Study 16 Enrolling Phase II study of fruquintinib in combination with Iressa in first-line NSCLC (China) In January 2017, we initiated a multi-center, single-arm, open-label Phase II study of fruquintinib in combination with Iressa in the first-line setting for patients with advanced or metastatic NSCLC with EGFR activating mutations. The objectives of the Phase II study are to evaluate the safety and tolerability as well as preliminary efficacy of the combination therapy.

Study 17 Planning Phase I fruquintinib monotherapy in advanced solid tumors (U.S.) Our U.S. FDA IND application for fruquintinib was cleared in late 2016. A Phase I study in Caucasian cancer patients is now set to begin in the United States in 2017.

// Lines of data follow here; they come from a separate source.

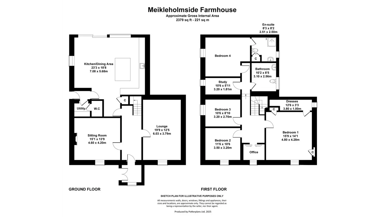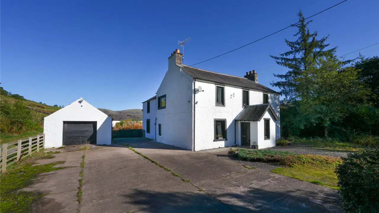 DESCRIPTION Meikleholmside Farmhouse presents an exciting opportunity to acquire a substantial rural property in a truly idyllic setting within the Annan Water Valley, just a short drive from the popular town of Moffat. The farmhouse offers generous and versatile accommodation with significant potential for further development, alongside expansive grounds and a range of traditional outbuildings.The accommodation comprises four bedrooms, including a principal bedroom with en-suite facilities and another with a walk-in cupboard. There are two additional office spaces, ideal for home working or study areas, a bright lounge, and a further sitting room featuring an open fire. The modern dining kitchen is the heart of the home, fitted with a central cooking island and sliding patio doors which open directly onto the courtyard. A utility room with w.c. completes the ground floor.While the kitchen has been updated to a high standard, the remainder of the property provides a blank canvas, offering buyers the opportunity to place their own stamp on this spacious farmhouse.Externally, the grounds extend to an expansive garden, providing ample outdoor space for family living, gardening, or further landscaping. The property also benefits from a range of outbuildings, formerly the original farm steading, which—subject to the necessary planning consents—offer excellent scope for conversion to workshops, additional accommodation, or business use.Services include a private septic tank and mains water supplySITUATION Meikleholmside Farmhouse is nestled within the beautiful Annan Water Valley, surrounded by rolling hills, woodlands, and open farmland. The setting is peaceful and unspoilt, with abundant wildlife and endless opportunities for enjoying the outdoors, whether it be walking, cycling, fishing, or horse riding.Despite its tranquil position, the property is only a short drive from the vibrant town of Moffat, well known for its welcoming community, independent shops, cafés, and local events. Moffat is recognised as Scotland’s first Dark Sky town and first Golden Eagle Town. And is well known as a “walkers’ town,” attracting outdoor enthusiasts while still offering everyday amenities and schooling.The location also benefits from excellent transport connections. The A701 provides a direct route north to Edinburgh, while the nearby M74 gives quick and easy access to Glasgow and Carlisle, making Meikleholmside an attractive choice for those seeking a rural lifestyle without compromising on accessibility.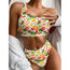 White Pineapple Pattern Print One Shoulder Bikini Set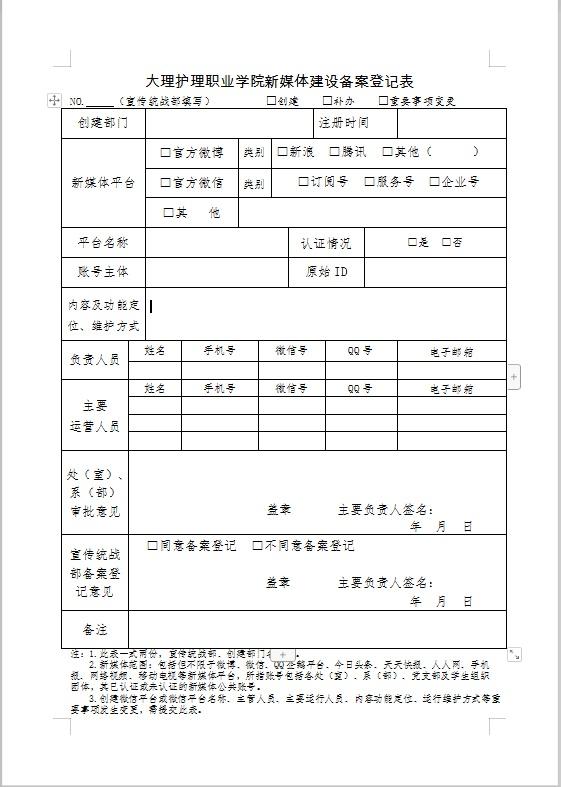 第六条 申办单位须在平台开通前5个工作日内提交申请,填报《新葡萄奔驰AMG官网新媒体建设备案登记表》。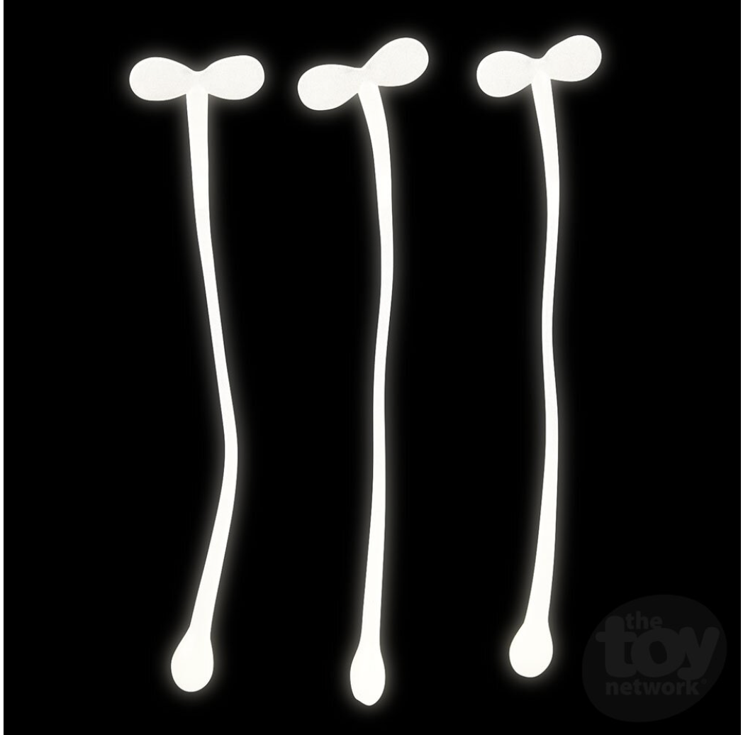 Yuck! Use these Glow in the Dark Snots to toally gross out your friends! Charge them up with a flashlight and they glow in the dark! 3 pieces on a blister card.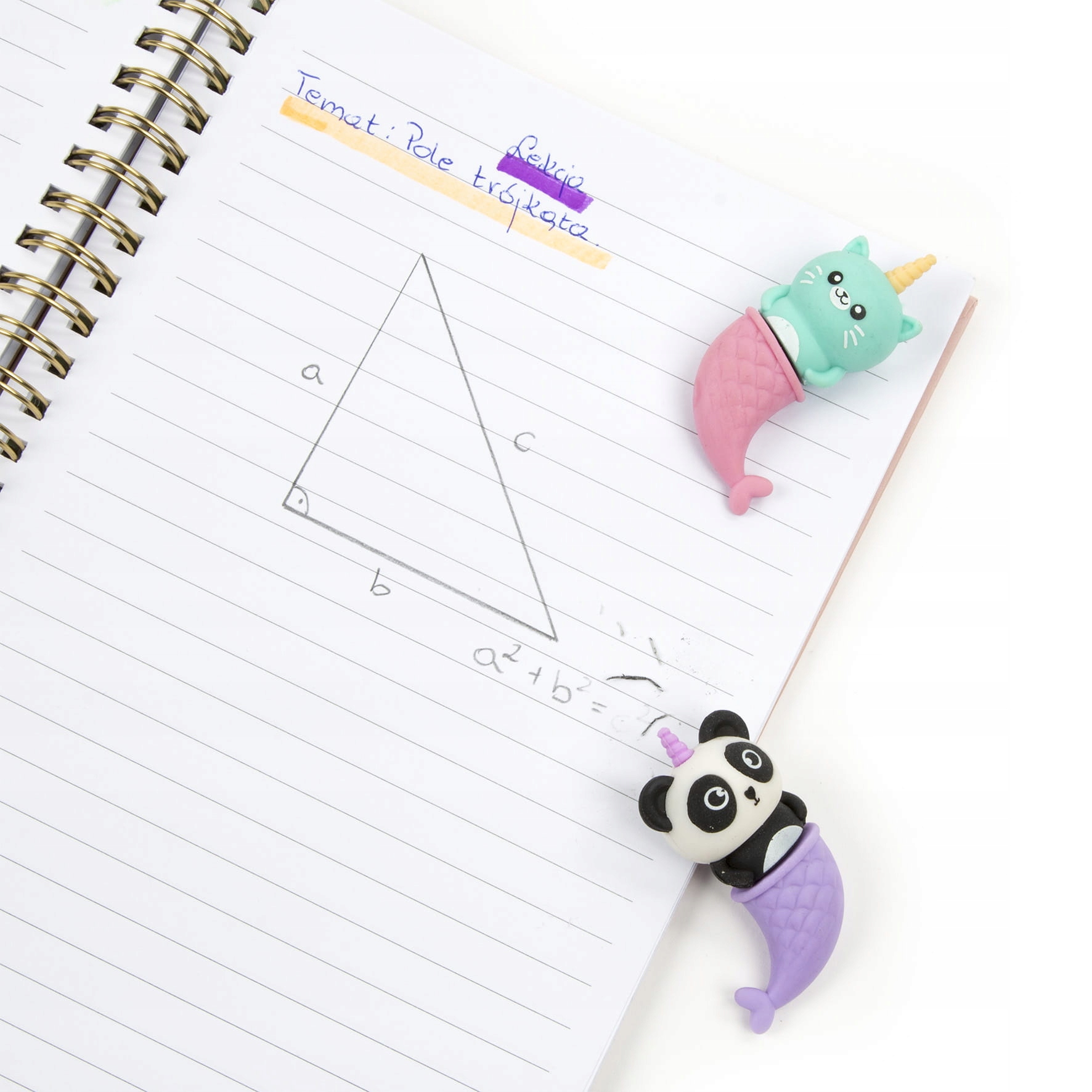Гумки у формі панди-русалки та кішки-русалки, дві, надзвичайно солодкі Запахи: полуниця і карамель. Чудові гумки ретельно стирають олівець і є унікальним доповненням до пеналу. Вони стануть у пригоді на уроках образотворчого мистецтва та математики, а їхній апетитний аромат зробить день у школі приємнішим.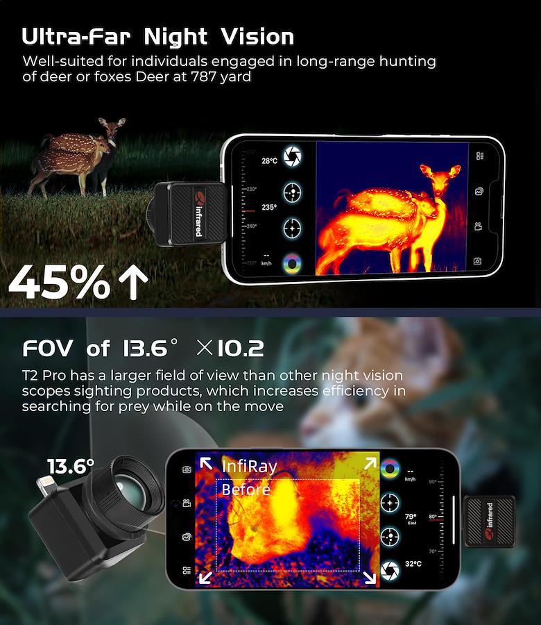 12μm 256X192解像度:|| 高解像度の屋外検出器であるInfiRay T2 Proは、セキュリティ、狩猟、およびその他の野外活動で使用するためのHD赤外線イメー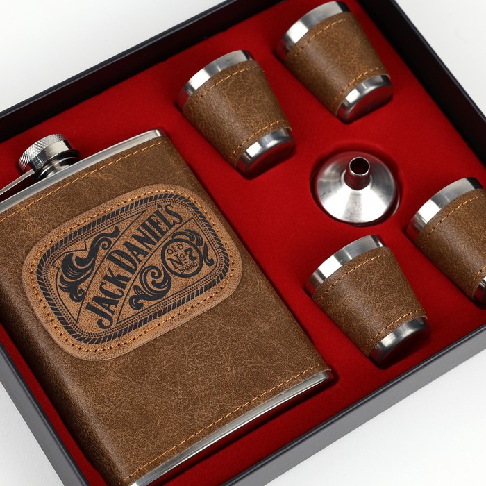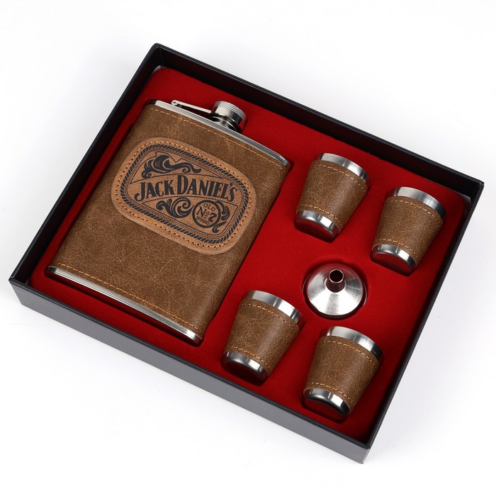 Подарочный набор фляжка с рюмками, GS, Нержавеющая Сталь, 240мл, Коричневый, Для Мужчин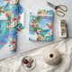 This Surfing Santa Christmas in July Coastal Wrapping Paper features jolly Santa in a Hawaiian floral shirt and red shorts, riding bright turquoise waves under swaying palm trees.
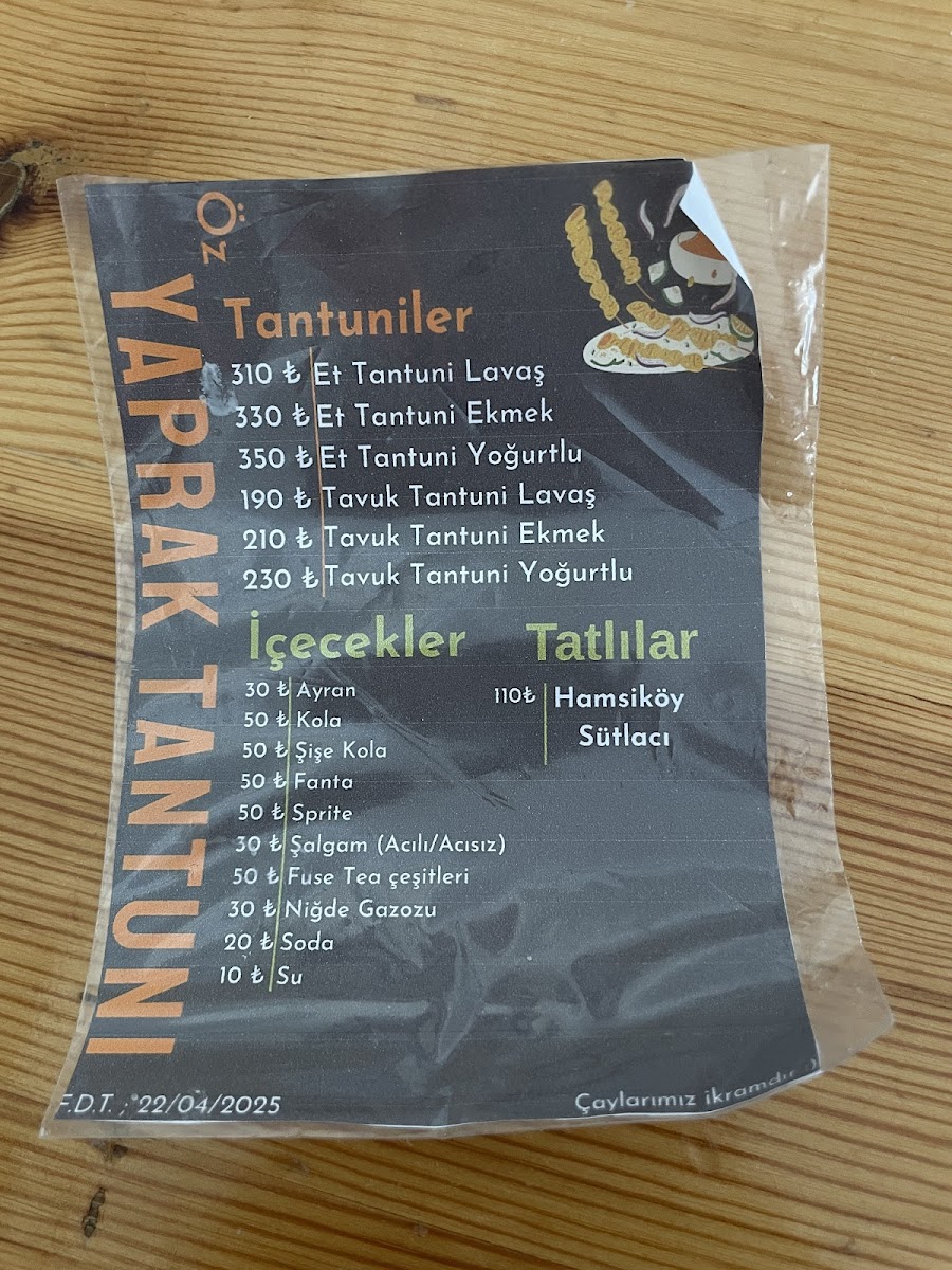 The menu at Mersinli Nihat Usta Yaprak Tantuni offers a variety of delicious options centered around the classic Turkish dish, Tantuni. The Tavuk Tantuni options include Tavuk Tantuni Dürüm and Tavuk Tantuni Ekmek, alongside the refreshing Yoğurtlu Tavuk Tantuni Dürüm, which incorporates yogurt for added creaminess. For those who prefer beef, the Et Tantuni menu features the Et Tantuni Dürüm and Et Tantuni Ekmek, with the option of a Yoğurtlu Et Tantuni Dürüm for a tangy twist. In addition to the tantalizing tantuni wraps and sandwiches, the drink selection includes ÖzerHisar Ayran (245 ml), as well as regular Ayran in 200 ml and 290 ml sizes, and a selection of Coca-Cola and Coca-Cola Şekersiz (330 ml). To finish off the meal, customers can enjoy a traditional Turkish dessert with the Trabzon Hamsiköy Sütlacı, a sweet and creamy rice pudding. The menu’s variety provides something for everyone, combining hearty flavors with refreshing drinks and a sweet touch to end the meal.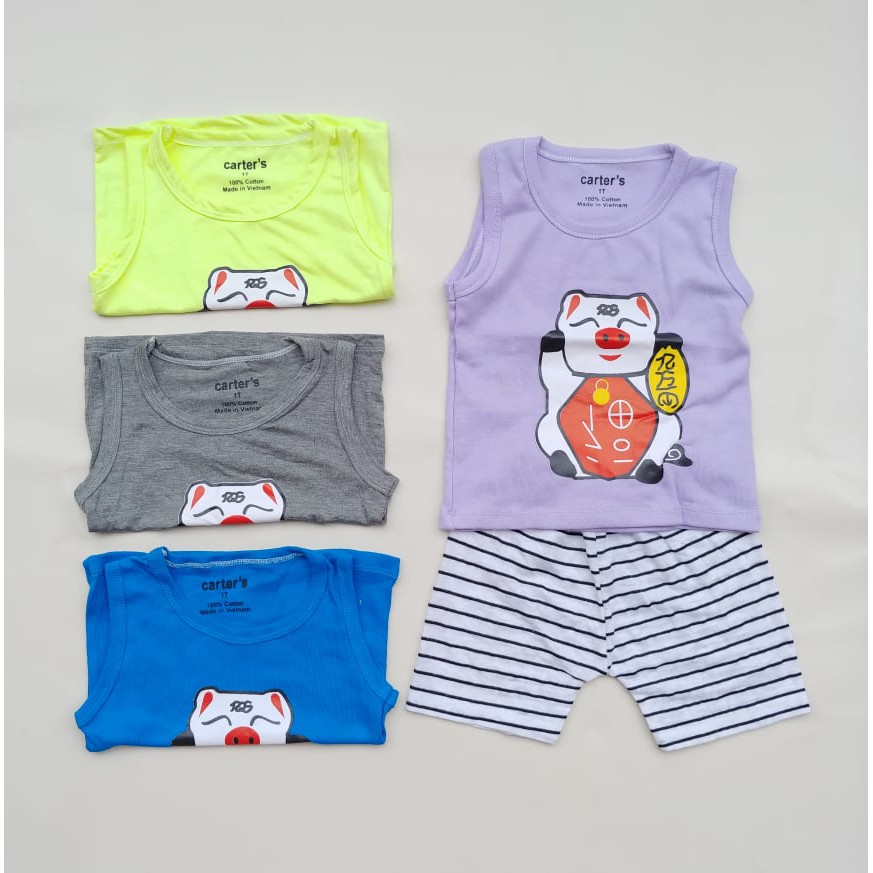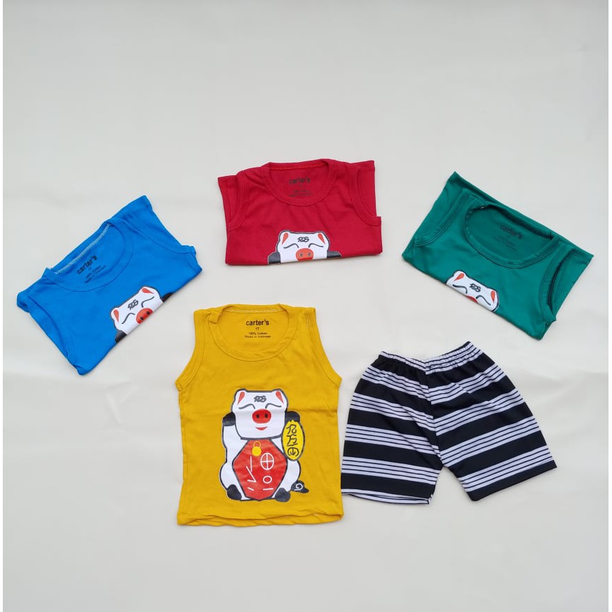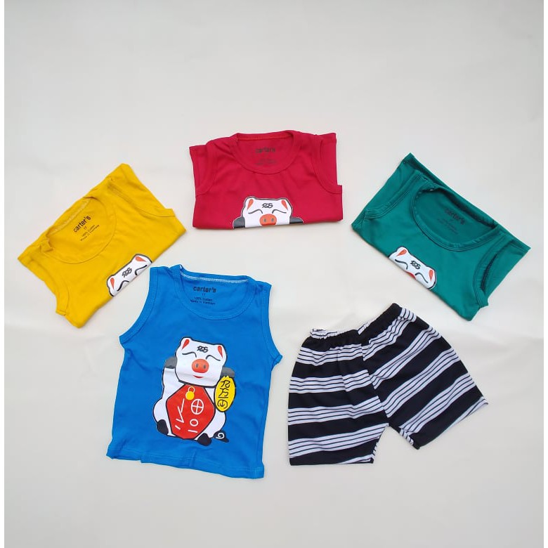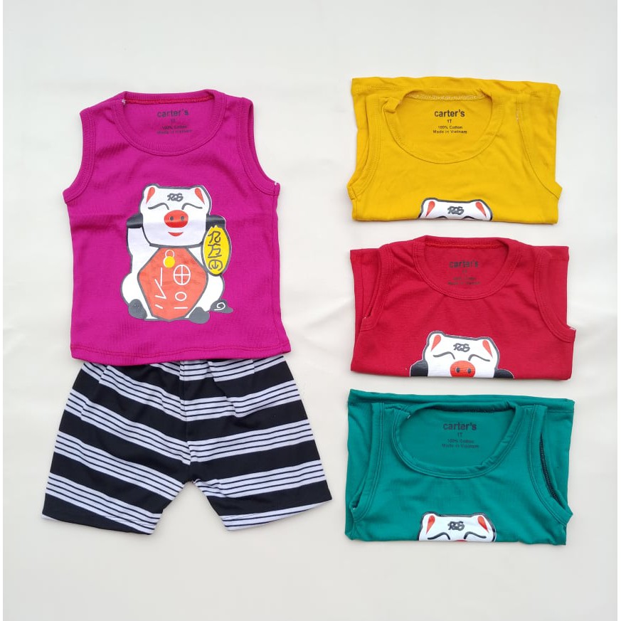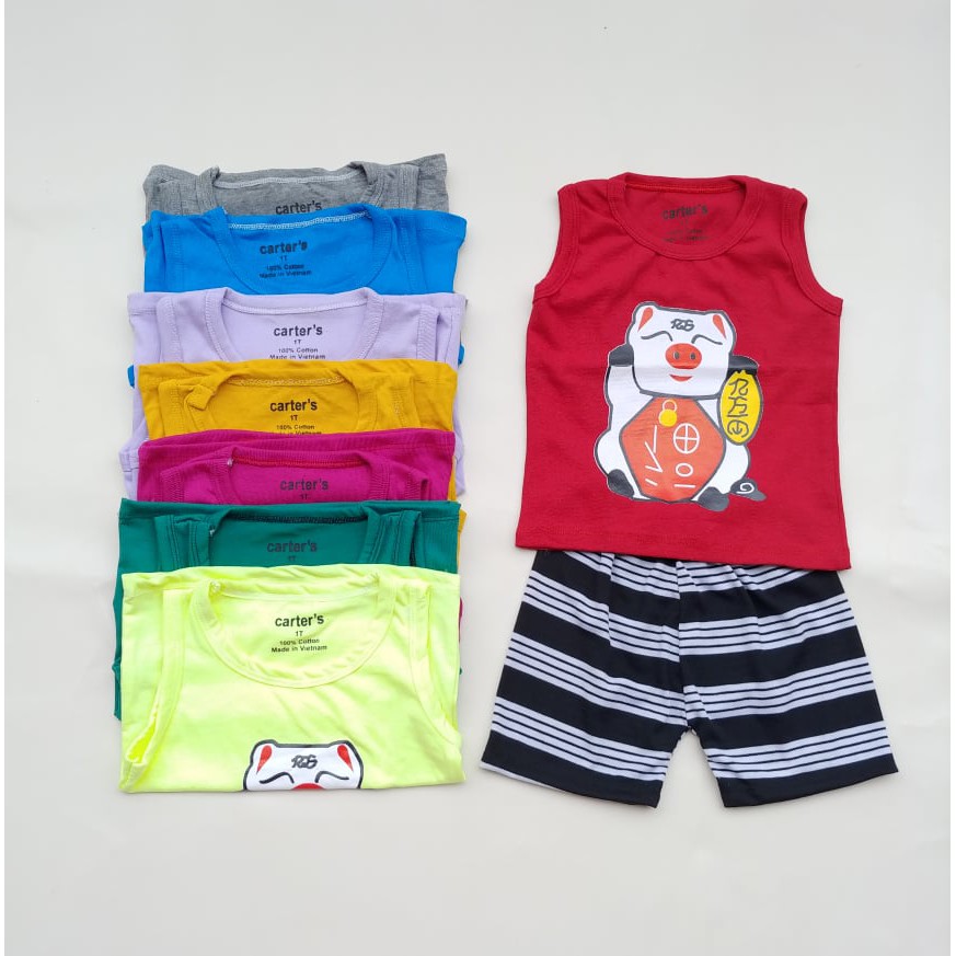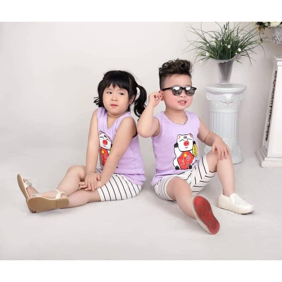 Năm con heo mặc đồ con heo cho may mắn nha các mẹ ^^!Bộ hè in hình heo may mắn, màu sắc phong phú bé trai bé gái đều mặc được ạ!

Study 18 Completed (now progressing to Phase III) Phase Ib study of fruquintinib in combination with Taxol in gastric cancer (second-line) (China) In early 2017, at the ASCO Gastrointestinal Cancers Symposium, we presented results of an open label, multi-center Phase Ib dose finding/expansion study of fruquintinib in combination with Taxol in second-line gastric cancer. A total of 32 patients were enrolled in the study and 28 of 32 patients were efficacy evaluable with an ORR of 36% and a DCR of 68%. At fruquintinib recommended Phase II dose ( RP2D ), 16 week PFS was 50% and 7 month OS was 50%. Tolerability of the RP2D combination was as expected with common treatment related Grade 3 AEs being neutropenia (41%), leukopenia (28%), decreased hemoglobin (6%), and hand-foot syndrome (6%). Based on Phase Ib data, we plan to move directly into a Phase III registration trial in China in 2017.

Sulfatinib (HMPL-012): Sulfatinib is an oral drug candidate with a unique angio-immuno kinase profile which provides both anti-angiogenesis effect and, we believe, activates and effectively enhances the body's immune system, specifically T-cells. Importantly, in 2016 we presented pre-clinical data for the first time that show sulfatinib, in addition to inhibiting VEGFR and FGFR1, is a potent inhibitor of CSF-1R, a signaling pathway involved in blocking the activation of tumor-associated macrophages, which cloak cancer cells from attack from T-cells. Our Phase I clinical data in 21 NET patients reported strong efficacy in terms of ORR (>30%) and PFS (>18 months) across a broad spectrum of NET sub-types. These Phase I data compared favorably to the less than 10% ORR and 11.4 month median PFS for Sutent and Afinitor , the two approved single agent therapies for pancreatic NET. Sulfatinib is the first oncology candidate that we have taken through proof-of-concept in China and subsequently started clinical development in the United States. We are currently conducting six clinical studies and retain all rights to sulfatinib worldwide.